Parsing completed. Parsed 99 lines in 0.031703 secs.

Finished parsing file /home/cronos/projects/machine_learning/machine_learning/large_data/csvs/Philadelphia_Crime_Rate_noNA.csv

## Fit the regression model

The target here it the sale-price of a house ('HousePrice') and the prediction variable is the crime-rate in the house's area ('CrimeRate')

In [14]:
print(graphlab.linear_regression.create.__doc__)


    Create a :class:`~graphlab.linear_regression.LinearRegression` to
    predict a scalar target variable as a linear function of one or more
    features. In addition to standard numeric and categorical types, features
    can also be extracted automatically from list- or dictionary-type SFrame
    columns.

    The linear regression module can be used for ridge regression, Lasso, and
    elastic net regression (see References for more detail on these methods). By
    default, this model has an l2 regularization weight of 0.01.

    Parameters
    ----------
    dataset : SFrame
        The dataset to use for training the model.

    target : string
        Name of the column containing the target variable.

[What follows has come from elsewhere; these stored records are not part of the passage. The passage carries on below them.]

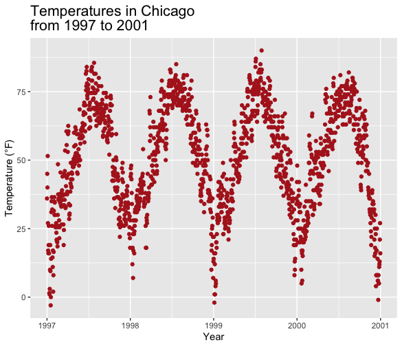 ggplot(chic, aes(x = date, y = temp)) + geom_point(color = "firebrick") + labs(x = "Year", y = "Temperature (°F)", title = "Temperatures in Chicago") + theme(plot.title = element_text(face = "bold", margin = margin(10, 0, 10, 0), size = 14))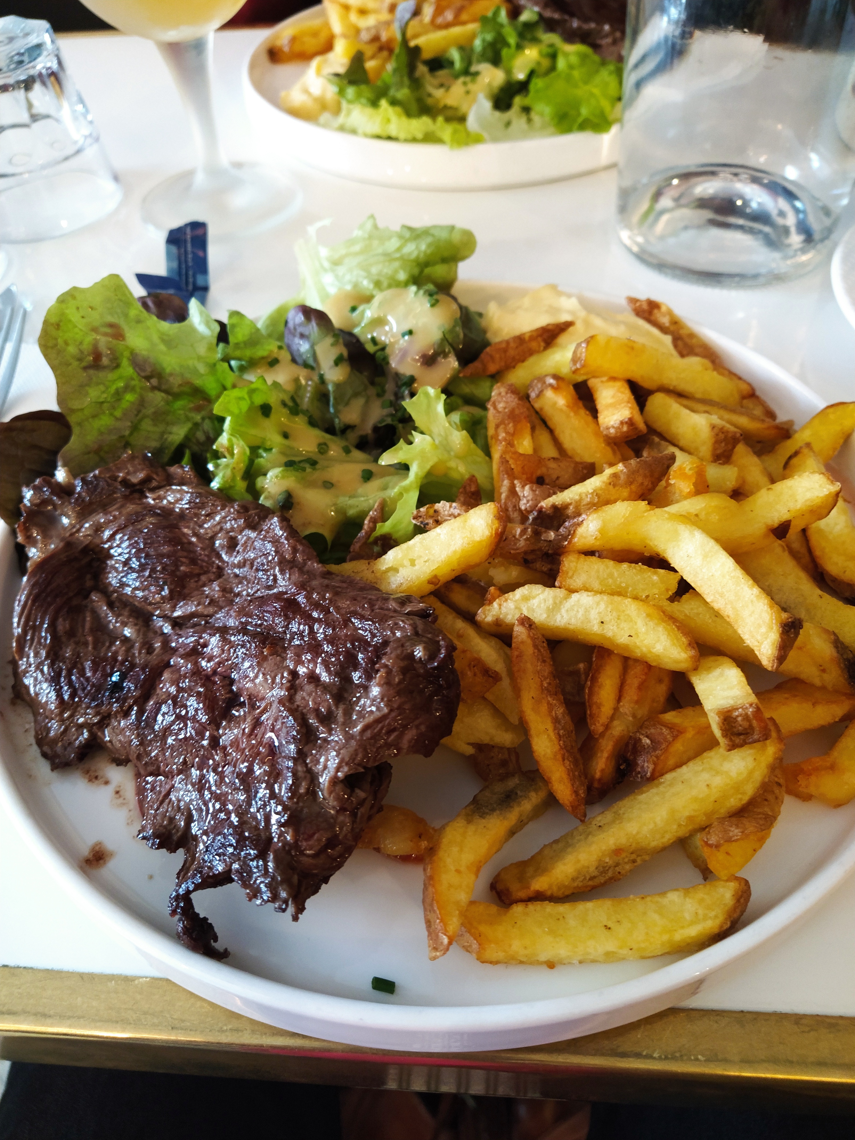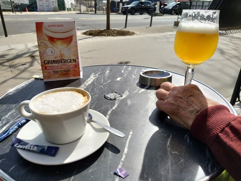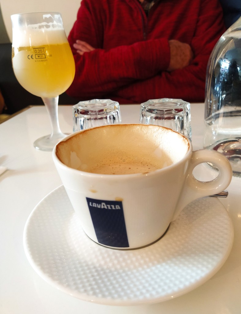 No need to cancel the bistrot reservation I had made the day before as we had arrived early this time around and I was glad I had booked as the place was busy. Cheerful staff and two excellent steak and chips after an arrival beer blanche for him and a grand creme for me.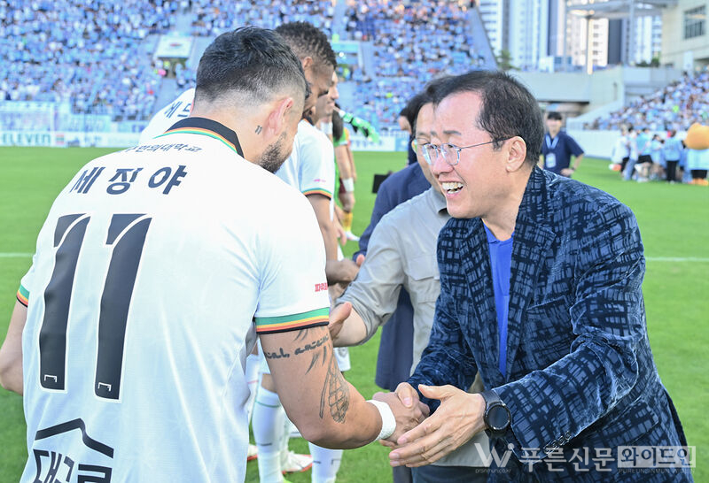 홍준표 대구시장이 대구FC 소속 세징야 선수에게 격려의 인사를 전하고 있다. [제공=대구시]

    features : list[string], optional
        Names of the columns containing features. 'None' (the default) indicates
        that all columns except the target variable should be used as features.

        The features are columns in the input SFrame that can be of the
       

In [15]:
crime_model = graphlab.linear_regression.create(sales, target='HousePrice',
                                                features=['CrimeRate'],
                                                validation_set=None,
                                                verbose=False)

## Plot the line

In [16]:
def plot_data(data, model, title):
    figure = plt.figure()
    axe = figure.gca()
    lines = axe.plot(data['CrimeRate'],data['HousePrice'],'.', label='Data')
    lines = axe.plot(data['CrimeRate'], model.predict(data),'-', label='Fit')
    label = axe.set_xlabel("Crime Rate")
    label = axe.set_ylabel("House Price")
    title = axe.set_title(title)
    legend = axe.legend()


In [17]:
plot_data(sales, crime_model, 'Philadelpdhia Crime Rate vs House Price')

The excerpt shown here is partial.